▶ [SOURCE DATA]
"""
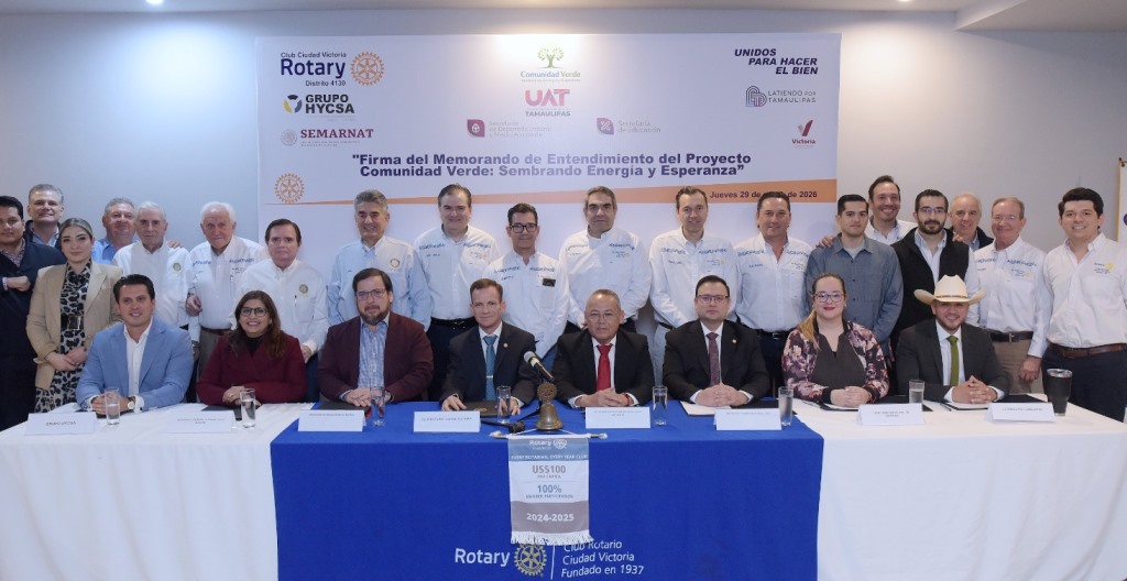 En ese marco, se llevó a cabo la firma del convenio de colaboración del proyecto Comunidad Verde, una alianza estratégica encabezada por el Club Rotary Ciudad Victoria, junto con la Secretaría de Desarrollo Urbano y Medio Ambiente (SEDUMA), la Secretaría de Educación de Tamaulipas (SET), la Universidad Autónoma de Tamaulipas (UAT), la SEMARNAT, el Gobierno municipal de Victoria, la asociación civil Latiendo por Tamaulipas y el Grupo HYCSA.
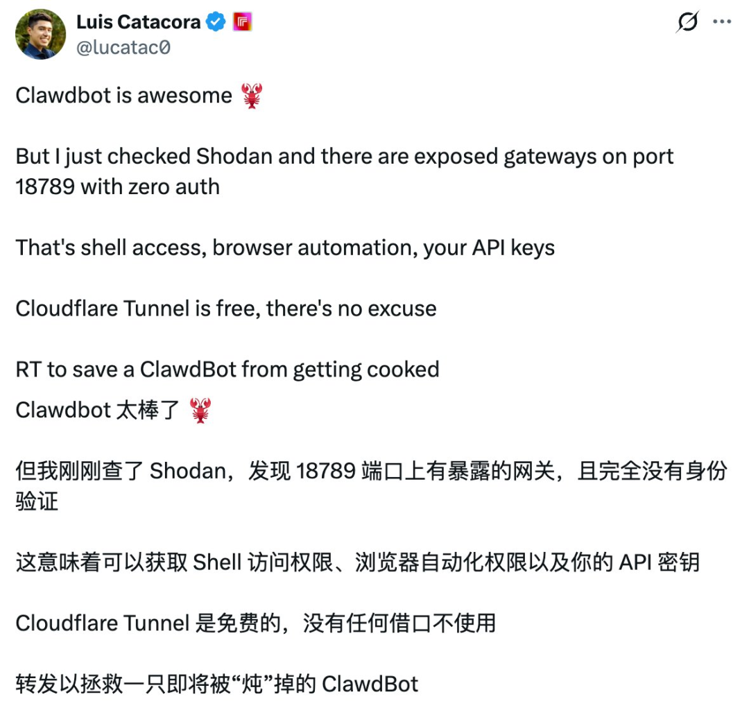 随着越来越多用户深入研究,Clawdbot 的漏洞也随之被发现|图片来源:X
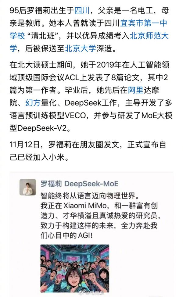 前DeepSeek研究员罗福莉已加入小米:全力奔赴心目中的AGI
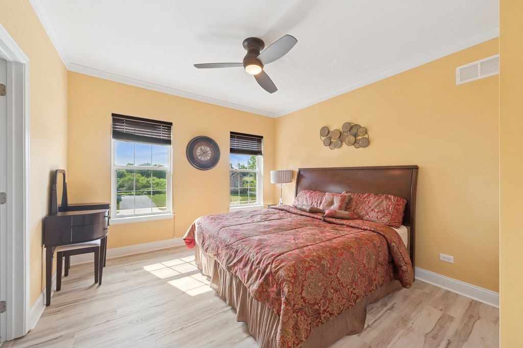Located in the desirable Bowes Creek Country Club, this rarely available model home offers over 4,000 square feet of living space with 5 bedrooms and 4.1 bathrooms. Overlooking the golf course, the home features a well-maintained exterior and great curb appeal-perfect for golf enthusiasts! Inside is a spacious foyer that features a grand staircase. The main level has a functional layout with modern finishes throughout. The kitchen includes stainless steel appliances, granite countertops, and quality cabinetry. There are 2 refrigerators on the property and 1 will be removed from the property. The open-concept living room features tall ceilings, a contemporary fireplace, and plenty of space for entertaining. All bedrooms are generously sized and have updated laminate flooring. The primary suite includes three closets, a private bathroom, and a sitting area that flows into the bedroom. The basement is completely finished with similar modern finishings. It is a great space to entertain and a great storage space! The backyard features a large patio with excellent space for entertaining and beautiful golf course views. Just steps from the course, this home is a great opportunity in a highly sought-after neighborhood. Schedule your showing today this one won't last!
"""
▶ [EXERCISE REQUIREMENTS] Return, exactly as they stand, all of the lines above, but not the pictures.

▶ [WRITTEN SOLUTION]
 En ese marco, se llevó a cabo la firma del convenio de colaboración del proyecto Comunidad Verde, una alianza estratégica encabezada por el Club Rotary Ciudad Victoria, junto con la Secretaría de Desarrollo Urbano y Medio Ambiente (SEDUMA), la Secretaría de Educación de Tamaulipas (SET), la Universidad Autónoma de Tamaulipas (UAT), la SEMARNAT, el Gobierno municipal de Victoria, la asociación civil Latiendo por Tamaulipas y el Grupo HYCSA.
 随着越来越多用户深入研究,Clawdbot 的漏洞也随之被发现|图片来源:X
 前DeepSeek研究员罗福莉已加入小米:全力奔赴心目中的AGI
Located in the desirable Bowes Creek Country Club, this rarely available model home offers over 4,000 square feet of living space with 5 bedrooms and 4.1 bathrooms. Overlooking the golf course, the home features a well-maintained exterior and great curb appeal-perfect for golf enthusiasts! Inside is a spacious foyer that features a grand staircase. The main level has a functional layout with modern finishes throughout. The kitchen includes stainless steel appliances, granite countertops, and quality cabinetry. There are 2 refrigerators on the property and 1 will be removed from the property. The open-concept living room features tall ceilings, a contemporary fireplace, and plenty of space for entertaining. All bedrooms are generously sized and have updated laminate flooring. The primary suite includes three closets, a private bathroom, and a sitting area that flows into the bedroom. The basement is completely finished with similar modern finishings. It is a great space to entertain and a great storage space! The backyard features a large patio with excellent space for entertaining and beautiful golf course views. Just steps from the course, this home is a great opportunity in a highly sought-after neighborhood. Schedule your showing today this one won't last!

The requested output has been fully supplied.